Winn pretended he was too focused on his work to care very much, and behind him, James leaned a bit closer to her.

"Is that wrong?" she asked, as though pleading for someone to tell her that it was.

"Do it," James whispered, and now he was telling her outright to eavesdrop. Honestly, he hoped that guy sorted out whatever trust issues he and Lucy had soon. Kara nodded and, presumably, used her super hearing.

"Can I turn this up?" asked Davey from tech support, his eye caught on the news on the screen above him. Winn gave him a slight nod, barely interested, until the word Toyman caught his ear. His stomach went cold, and his chest started to feel tight.

"...escaped from the Van Kull maximum security prison this morning," the anchorwoman informed them, and screw Davey from tech support and his interest in this story, screw James and his issues, screw Kara and her hearing, and screw whoever else might be watching him. Winn snatched the remote back from Davey, who looked alarmed and a little offended, and muted it again.

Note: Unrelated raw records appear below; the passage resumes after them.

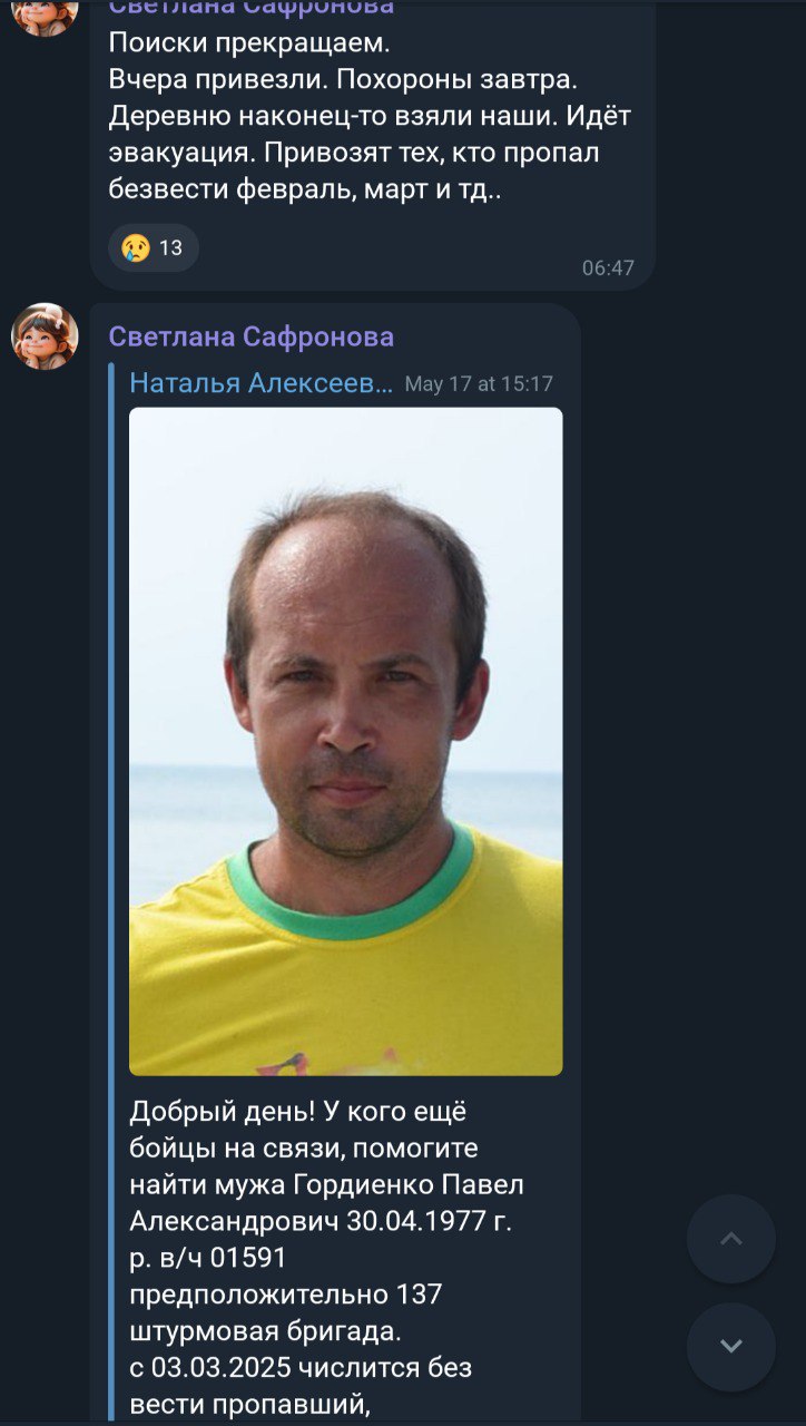 Дата сообщения о гибели: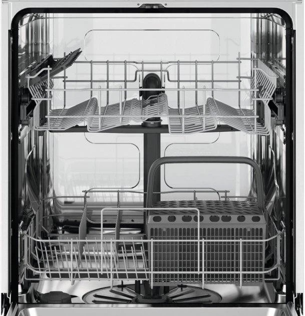 Внутрішні кошики мають рухомі елементи та змінну конструкцію, що спрощує завантаження різних типів посуду. Стійки для тарілок у нижньому кошику легко складаються, а столові прилади можна розміщувати у спеціальному лотку, де вони краще промиваються та висихають. Кожна деталь продумана для максимальної зручності використання.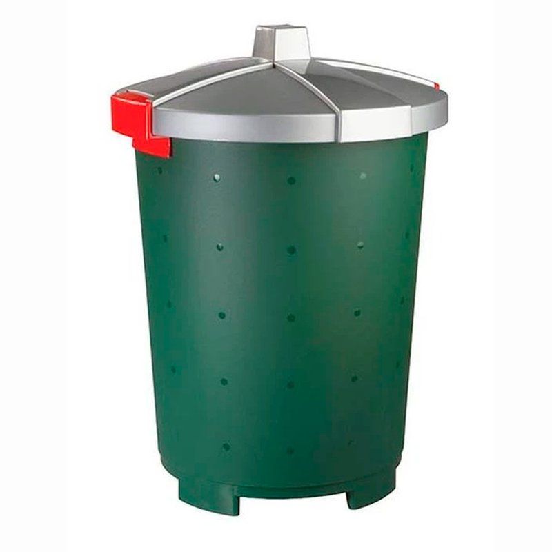 Прочный пластиковый бак объемом 65 литров может использоваться как в помещениях, так и на улице. Благодаря застежкам крышка надежно держится на изделии.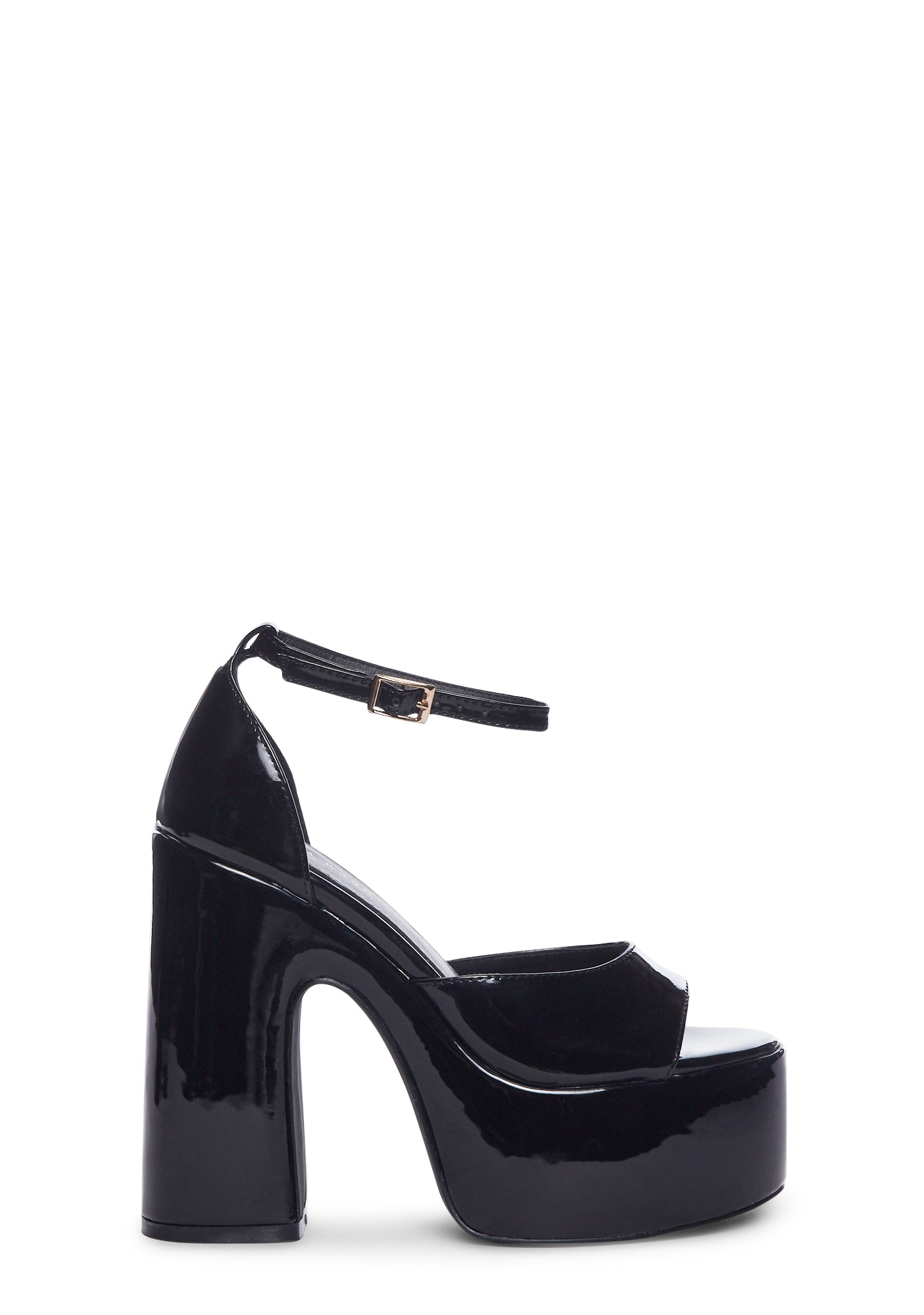cuz do what you wanna do. These platform heels have a patent vegan leather construction, platform soles, block heels, a peep toe design, and ankle buckle closures.

The toy was from his father after all. Winn's father was out of prison and looking to see him. God forbid he ever come to the realisation that the reason he didn't receive letters or visitors was that no one wanted to see him. His skin felt too hot, too tight, and he tried to keep control of his breathing as he turned around and left his desk without an excuse. Damn it, Kara and James saw his face when he turned around and were whispering to each other about what could possibly be wrong.

He had been so wrong this morning. This day was a disaster already, and it was only ten past nine. Winn went through the melody to Losing My Mind in his head and tried not to give into the anxiety pressing at his chest and pricking at his eyes.

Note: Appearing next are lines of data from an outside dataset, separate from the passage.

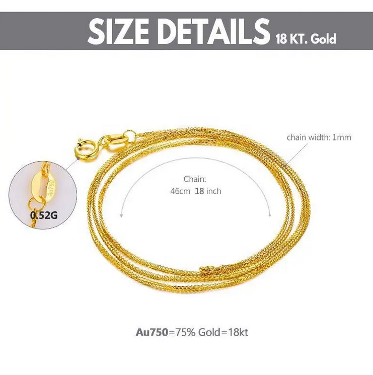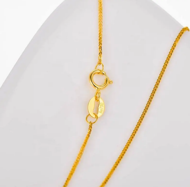 Solid 18k Gold Braided Wheat Chain Necklace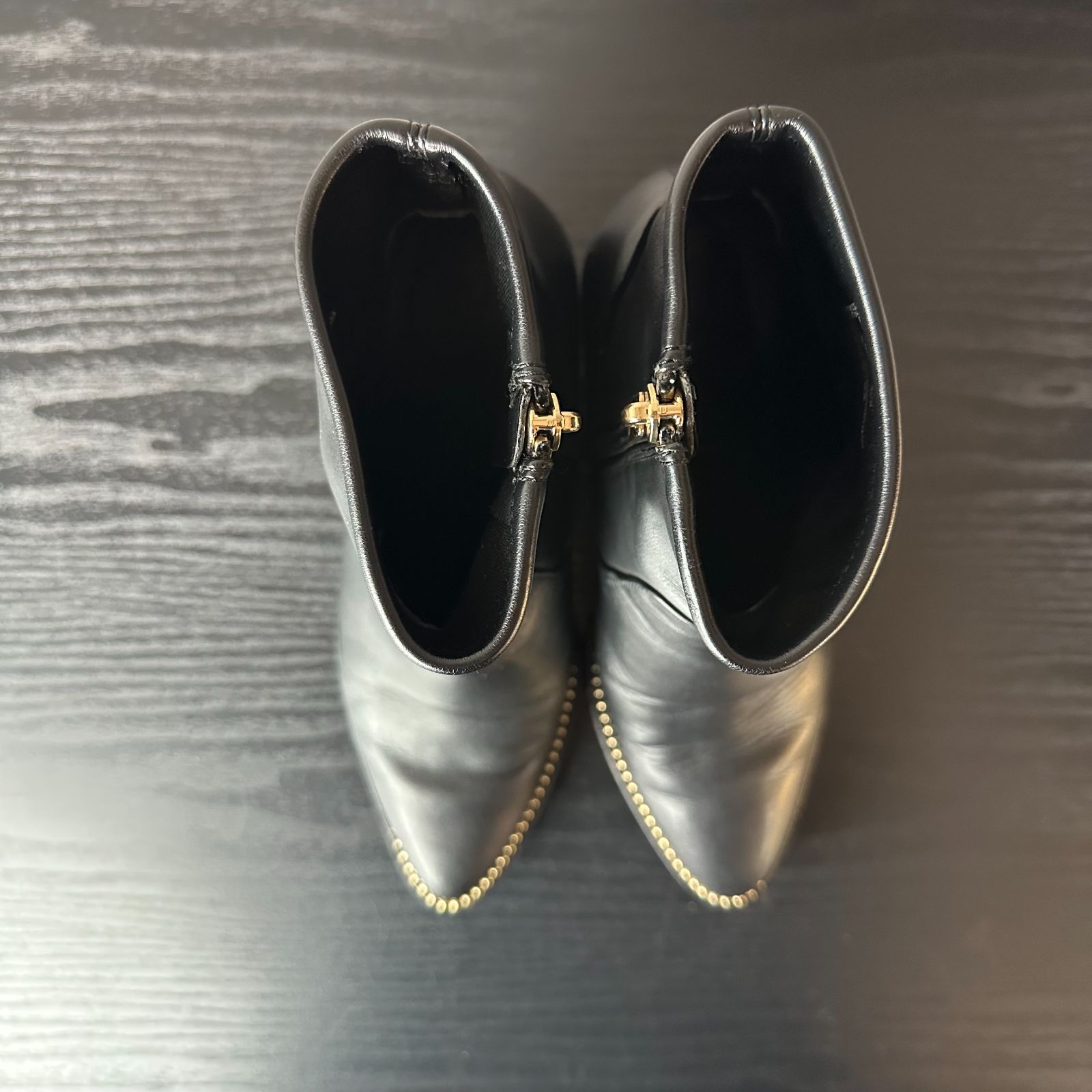 S 392 COACH コーチ PELL ペル G 4847 ロゴ スタッズ ソフトレザー ブーティ ショートブーツ 黒ブラック 6 C 23 cm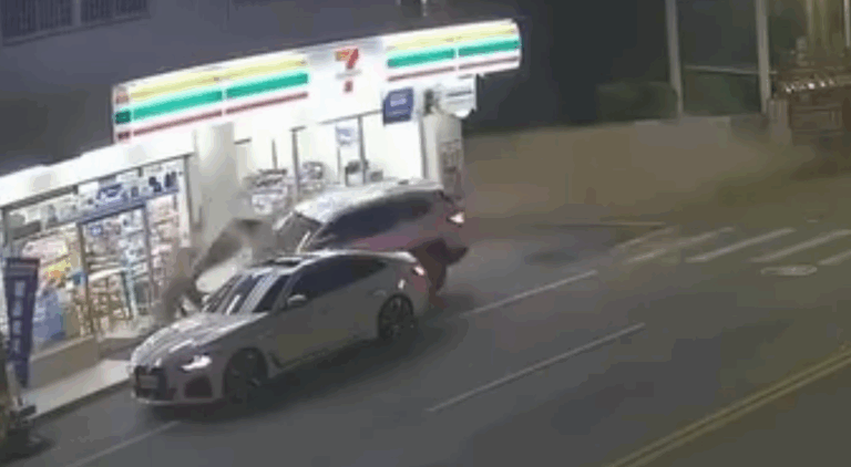 休旅車失控衝撞路邊超商。翻攝畫面 …

It may not have been very subtle, but consciously deciding to tap eighth-notes on the side of his neck helped somewhat. Subtlety was the least of his concerns at this point - making sure he didn't have an anxiety attack at work in front of the two people whose opinions mattered most to him was more important.

This was bad. This was very bad. His father wanting to see him could lead to nothing good. The last time he had seen his father, it had been in a courtroom, and he had been in the back row, pretending he wasn't the murderer's son in order to hear the verdict first. His father had caught his eye as he was escorted out and smiled knowingly. He had known that Winn was there, eleven years old and skipping school to watch his father being sentenced for murder, and he was still coming after him.

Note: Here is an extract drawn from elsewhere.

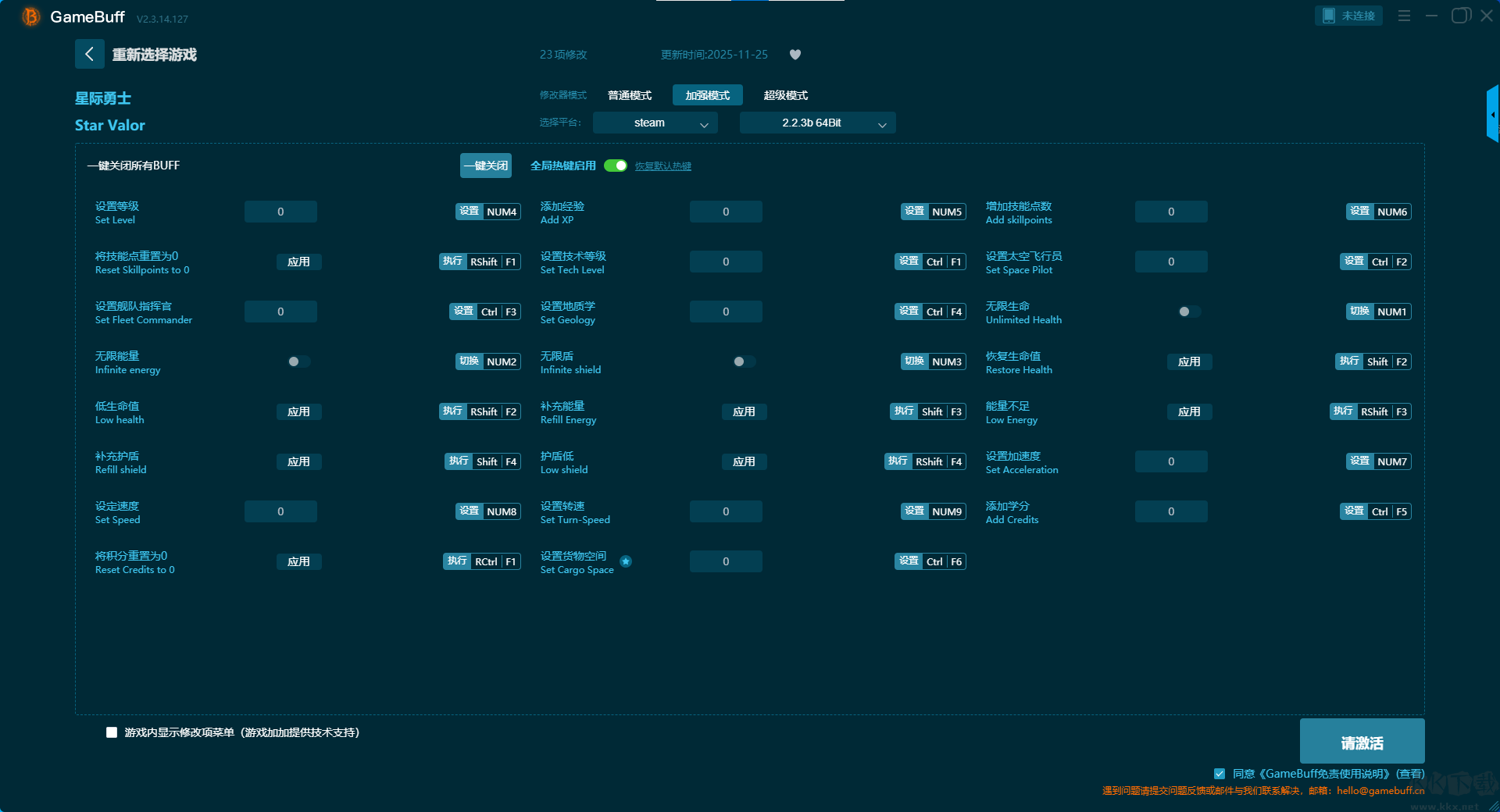 星際勇士七項修改器pc官方版加強模式修改功能介紹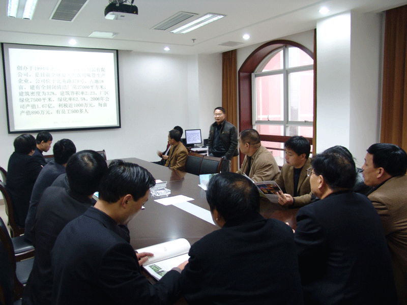 2007年12月25日上午(wǔ),義烏市(shì)宣傳部協同陝西戶縣政府考察團來我公司考察,公(gōng)司(sī)總經理(lǐ)助理盧程(chéng)航進行了熱情接待,並向考(kǎo)察團詳細介紹了公司發展曆程、產品質量、起草國家標準、循環經(jīng)濟建設、企業(yè)文化和諧理念(niàn)等方麵。

He couldn't afford to be angry or panicked, today of all days. A glance over at Kara told him that she and James were talking with Lucy, who was serving as an excellent distraction. Lucy meant that Kara didn't have to see him like this, wound-up and close to snapping. He couldn't allow himself to show any sign of anger, especially not around her. The way Kara got angry, she became indignant, then calm and cool-headed until it was solved, then she could talk it out with either him or Alex. The way the men in Winn's family got angry, they were quiet until they reached their breaking point and lost any sense of rationality.

Kara's eyes landed on him again, and he might have loved her a bit but he hated that look on her face. Winn gave her a tight smile he hoped didn't look as sarcastic as it felt. His skin was hot beneath the surface, and his hands were sweating, clasped behind his neck and tapping. She smiled back uncertainly.

This day couldn't possibly get any worse for him.

As soon as he thought that, like that was the cue, a short but intimidating woman and some agents behind her walked right into Catco and declared, "Special Agent Cameron Chase, with the FBI. I'm here for Winnslow Schott Jr."

Kara's eyes darted to him, and now half the office was staring. James was the only one on the entire floor who didn't look like was judging Winn, but he couldn't hold eye contact. No one knew what he came from, what he had in him.

He turned towards Special Agent Chase, who didn't look as hostile as she might have, and pretended he could function like a human being. At least she had remembered the junior part of his name so that his coworkers didn't think he was a murderer.

"That's me," he answered, and out of the corner of his eye, Kara watched him nervously.

She had no idea, and if Winn had it his way, she never would.